Я глянул на отца, он криво усмехнулся.
Скоро. Ну да. Я и сам это чувствовал.
– А занимаешься-то ты чем?
– Да кокаином, – сказал я.
– Вот чего, какое дело.
Почему-то мне казалось, что об этом можно говорить, что здесь говорят всё.
– А ты? – спросил я.
– Да фермер я. У отца вот маленькая шахта была, на берегу Уорриор-ривер, это в Алабаме. Но теперь она заброшенная стоит.
Мы поглядели друг на друга, взгляд Реджи стал еще ярче.
Да, скоро, все как сказал отец. Я чувствовал темноту, этот ужас, и все его чувствовали, по нашему, так сказать, котловану прокатилась не волна, а целое цунами напряжения.
Под тонким слоем земли, совсем недалеко, спала дрянь, которую невозможно себе представить.
Знаете, почему меня не мучили воспоминания о темноте все эти годы? Потому что даже в памяти ее почти невозможно воспроизвести, и все, что я могу сказать сейчас, – лишь отблеск, искорка от того темного огня, от моих шестнадцати, от моих двадцати девяти.

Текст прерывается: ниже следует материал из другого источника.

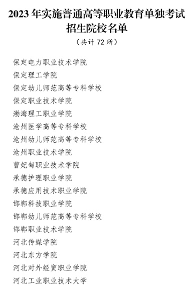 2023年河北72所高職院校實施單獨(dú)考試招生
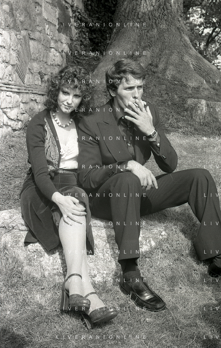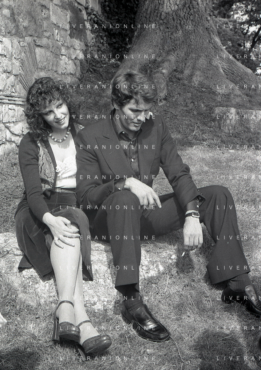 NEG-RETROSPETTIVA STEFANIA SANDRELLI ATTRICE NELLA FOTO STEFANIA SANDRELLI CON GIULIANO GEMMA AL FESTIVAL INTERNAZIONALE DEL CINEMA A CANNES ANNO 1974 AG ALDO LIVERANI SAS

Наконец под чьей-то лопатой обнажилась наша смертная темень, я весь задрожал, ощущая ее; хотя я не обернулся, не посмотрел, меня уже не переставало колотить.
Реджи сказал:
– Ну, поехали.
И он воткнул лопату в землю, нервно сплюнул. Я знал, сейчас каверна будет перед нами. И я не хотел показаться трусом.
Взял, значит, свою лопату и копнул глубже. Так глубоко, что ужас взял. Я почувствовал ее, Господи, лезвием лопаты. Откинув землю, я увидел весь ужас земной.
– Только сначала страшно, – сказал Реджи, утирая непроизвольные слезы. Где-то позади нас раздался вскрик отвращения. – Главное, копать дальше. Верхний слой снимаешь, а потом вгрызаешься в землю опять. Ее тут много, вот и придется поработать.
Казалось, Реджи говорил так медленно, чтобы оттянуть неизбежное. И я, повинуясь какому-то странному куражу, способному переломать даже вселенское отвращение, первым склонился к темноте.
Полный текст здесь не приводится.